Talend - Query & Insert from Hive
Github Project : example-talend-query-insert-from-hive
Preamble
Configuration: Context
To create the different jobs displayed in this article, you have to create a repository: With VALUES
Query from Hive (with all versions of Data Fabric)
Example: Count the number of lines.
Create a new job
Add the component "tHiveConnection" : allows the creation of a Hive connection
Add the component "tHiveInput" : reads an Hive table and extracts fields based on a Hive Query
Add the component "tLogRow" : displays results
Create links:
"tHiveConnection" is connected with "tHiveInput" (through "OnSubjobOk")
"tHiveInput" is connected with "tLogRow" (through "Main")
Double click on "tHiveConnection" and set its properties:
Add a "Cloudera" distribution and select the latest version of Cloudera
Enter a host
Enter a port
Enter a name of BDD
Enter a user
Enter a NameNode URL
Enter a user Hadoop
Enter a password
Double click on the component "tImpalaInput":
Tick "Use an existing connection"
Enter a table name
Enter your request: " SELECT COUNT(*) FROM "+context.Table_Hive+" "

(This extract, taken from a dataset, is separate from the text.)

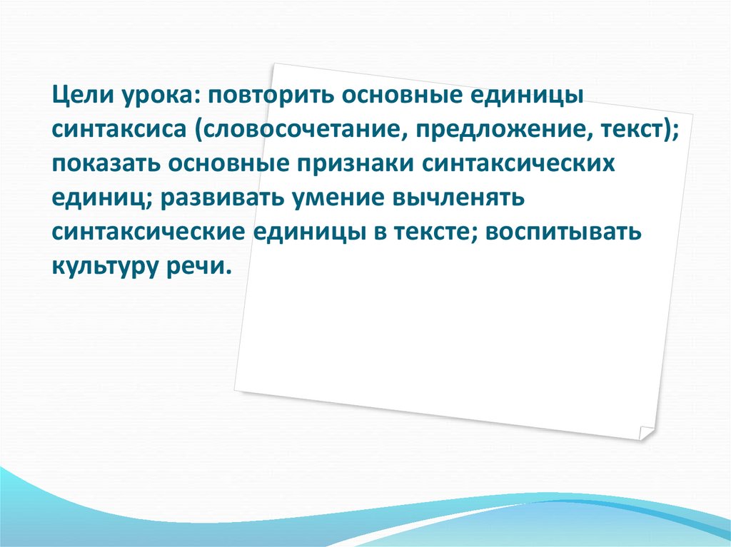 2. Цели урока: повторить основные единицы синтаксиса (словосочетание, предложение, текст); показать основные признаки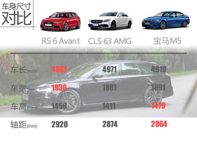 事实上能与奥迪RS 6 Avant对标的竞品车型似乎还没出生,虽同价位中多数车型动力上与其相差无几,但碍于旅行车的特性可谓是一招鲜。所以编辑依旧选举了铁三角中性能车的代表与奥迪RS 6 Avant尺寸一较高低。可以看到,RS 6 Avant的车身宽度与长度占有很大优势,而对于兼顾实用性的旅行车来说其车身高度与轴距数据并不抢眼。

Use context variables if possible: "+context.Table_Hive+"
Run the job
Insert from Hive (with all versions of Data Fabric)
Example: Create a new table and insert ten rows (since old table in Impala)
Create a new job
Add the component "tHiveConnection": allows the creation of a Hive connection.
Add the component "tHiveRow": executes an SQL query at each of Talend flow's iterations
Create links:
"tHiveConnection" is connected with "tHiveRow" (through "OnSubjobOk")
Double click on "tHiveConnection" and set its properties:
Add a "Cloudera" distribution and select the latest version of Cloudera
Enter a host
Enter a port
Enter a name of BDD
Enter a user
Enter a NameNode URL
Enter a user Hadoop
Enter a password
Double click on the component "tHiveRow":
Tick "Use an existing connection"
Enter a table name
Enter a new table name
Enter your request: "CREATE TABLE "+context.New_Table_Hive+" AS SELECT * FROM "+context.Table_Hive+" LIMIT 10 "
Use context variables if possible : "+context.Table_Hive+"
Run the job